> **PROBLEM DESCRIPTION**
Reproduce only the lines below from the line containing "이와 함께 안정된 노사문화" to the line containing "画像には、際立った外見の黒人", exactly as written, with both end lines kept. Omit the pictures.

[DATA TO PROCESS — start]

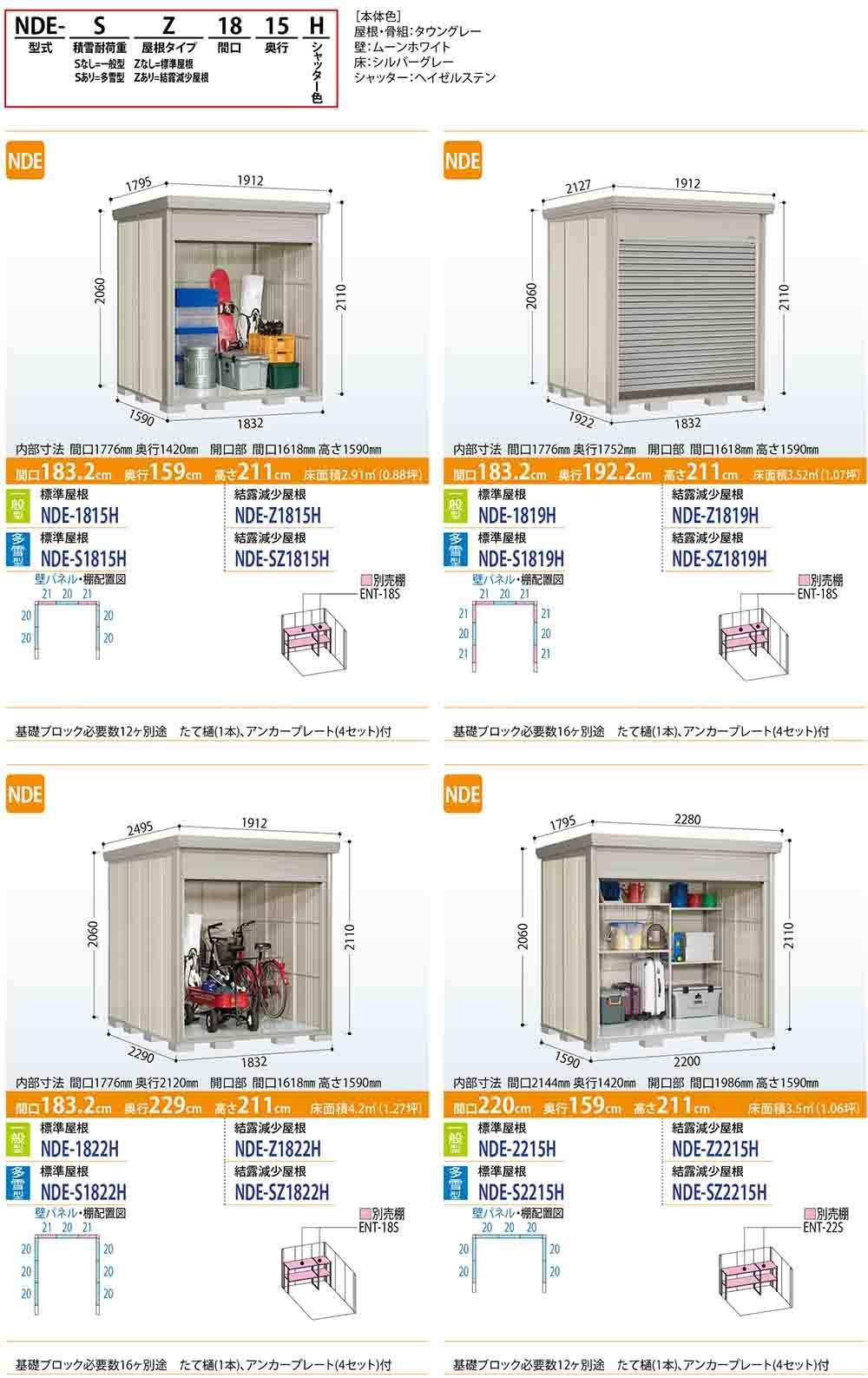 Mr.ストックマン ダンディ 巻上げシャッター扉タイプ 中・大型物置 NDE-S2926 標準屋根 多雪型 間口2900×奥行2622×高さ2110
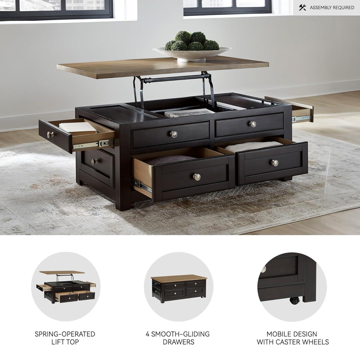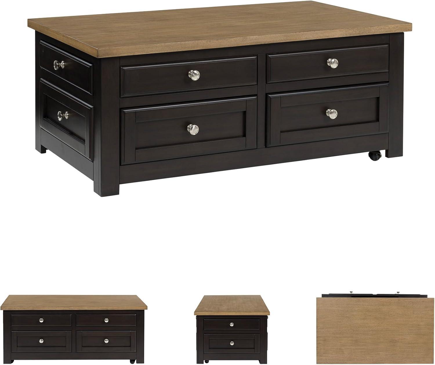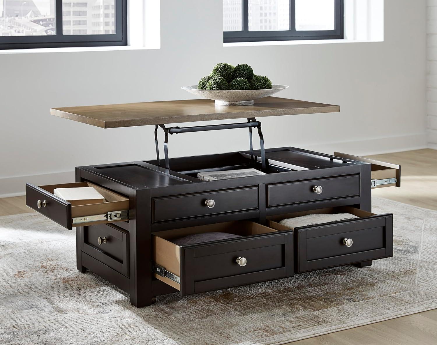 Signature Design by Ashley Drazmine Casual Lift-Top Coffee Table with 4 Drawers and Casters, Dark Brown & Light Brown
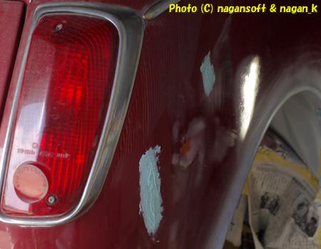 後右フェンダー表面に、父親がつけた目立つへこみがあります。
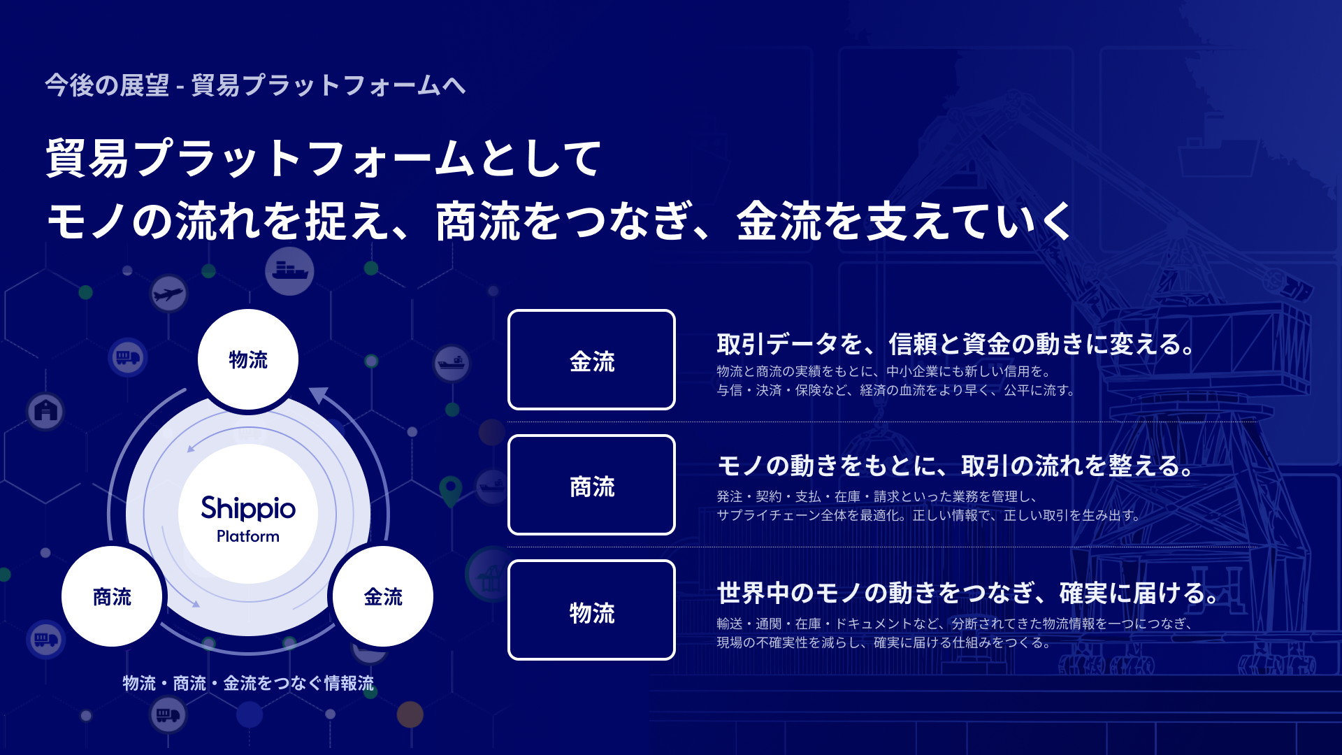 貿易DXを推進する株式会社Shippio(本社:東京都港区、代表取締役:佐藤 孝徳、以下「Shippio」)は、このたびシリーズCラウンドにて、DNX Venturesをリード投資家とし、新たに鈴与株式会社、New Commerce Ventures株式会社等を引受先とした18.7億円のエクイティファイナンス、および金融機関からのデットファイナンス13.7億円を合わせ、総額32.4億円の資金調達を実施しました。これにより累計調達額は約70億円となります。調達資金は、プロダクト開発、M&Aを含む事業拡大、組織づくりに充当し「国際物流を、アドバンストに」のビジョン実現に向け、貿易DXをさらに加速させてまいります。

[DATA TO PROCESS — finish]
[DATA TO PROCESS — start]

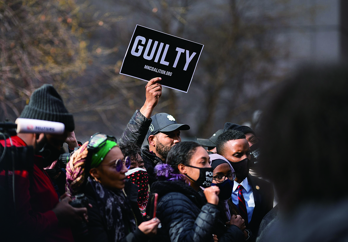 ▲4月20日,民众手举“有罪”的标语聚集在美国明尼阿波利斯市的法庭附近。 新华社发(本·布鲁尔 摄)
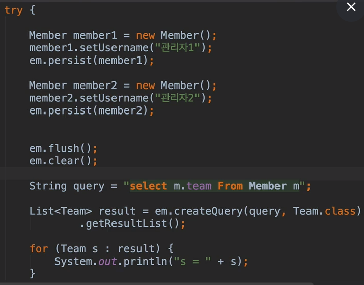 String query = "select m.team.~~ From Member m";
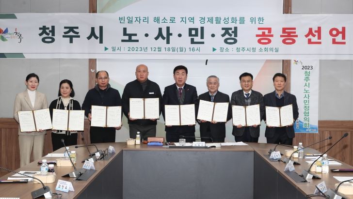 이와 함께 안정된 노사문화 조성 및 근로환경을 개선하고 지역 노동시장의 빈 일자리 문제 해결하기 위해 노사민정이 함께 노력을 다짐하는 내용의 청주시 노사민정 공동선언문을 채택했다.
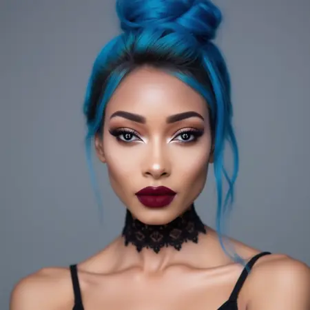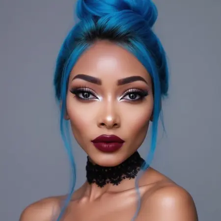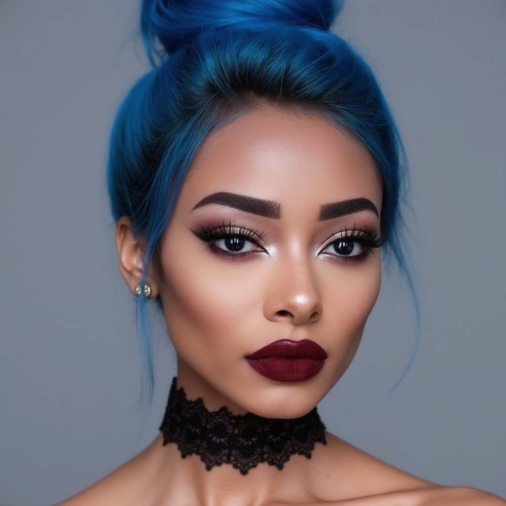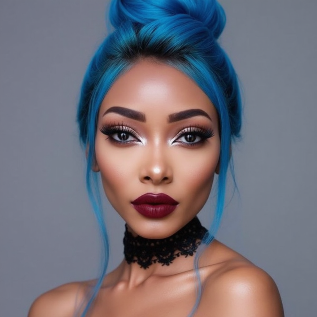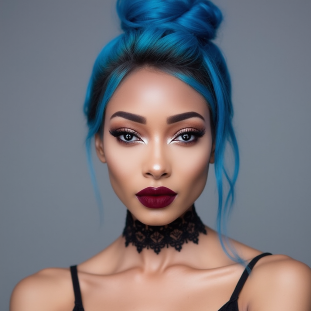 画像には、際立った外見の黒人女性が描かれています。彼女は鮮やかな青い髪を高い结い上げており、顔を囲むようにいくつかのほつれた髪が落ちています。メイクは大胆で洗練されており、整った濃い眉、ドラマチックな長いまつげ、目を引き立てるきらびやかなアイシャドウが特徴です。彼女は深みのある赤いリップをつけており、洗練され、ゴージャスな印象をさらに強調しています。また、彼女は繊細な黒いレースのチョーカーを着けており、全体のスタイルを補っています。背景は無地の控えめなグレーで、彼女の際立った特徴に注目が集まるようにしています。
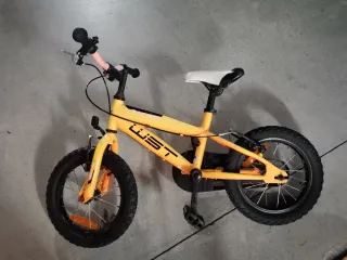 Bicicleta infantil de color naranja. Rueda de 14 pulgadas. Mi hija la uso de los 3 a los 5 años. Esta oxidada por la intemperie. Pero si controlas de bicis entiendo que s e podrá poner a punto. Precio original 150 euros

[DATA TO PROCESS — finish]
[DATA TO PROCESS — start]

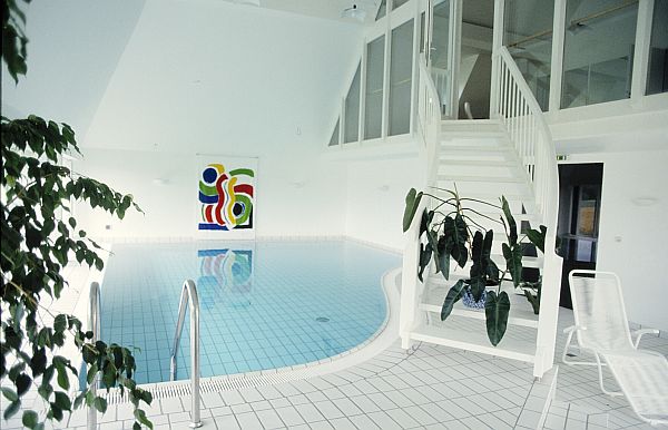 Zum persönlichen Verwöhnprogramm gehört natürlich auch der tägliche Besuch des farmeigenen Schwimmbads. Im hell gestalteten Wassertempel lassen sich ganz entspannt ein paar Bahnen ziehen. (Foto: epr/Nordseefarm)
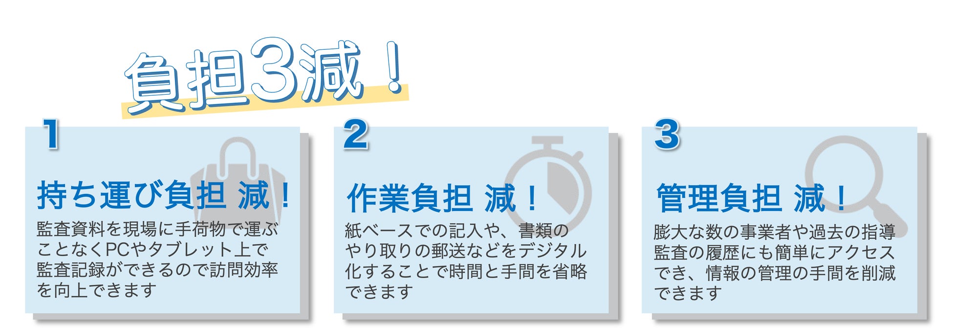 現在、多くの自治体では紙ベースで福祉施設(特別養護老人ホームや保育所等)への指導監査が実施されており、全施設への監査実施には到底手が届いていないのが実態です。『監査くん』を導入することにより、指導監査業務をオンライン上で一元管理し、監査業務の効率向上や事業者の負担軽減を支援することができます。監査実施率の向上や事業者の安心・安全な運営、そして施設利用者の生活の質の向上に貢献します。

[DATA TO PROCESS — finish]

> **PROBLEM SOLUTION**
 이와 함께 안정된 노사문화 조성 및 근로환경을 개선하고 지역 노동시장의 빈 일자리 문제 해결하기 위해 노사민정이 함께 노력을 다짐하는 내용의 청주시 노사민정 공동선언문을 채택했다.
 画像には、際立った外見の黒人女性が描かれています。彼女は鮮やかな青い髪を高い结い上げており、顔を囲むようにいくつかのほつれた髪が落ちています。メイクは大胆で洗練されており、整った濃い眉、ドラマチックな長いまつげ、目を引き立てるきらびやかなアイシャドウが特徴です。彼女は深みのある赤いリップをつけており、洗練され、ゴージャスな印象をさらに強調しています。また、彼女は繊細な黒いレースのチョーカーを着けており、全体のスタイルを補っています。背景は無地の控えめなグレーで、彼女の際立った特徴に注目が集まるようにしています。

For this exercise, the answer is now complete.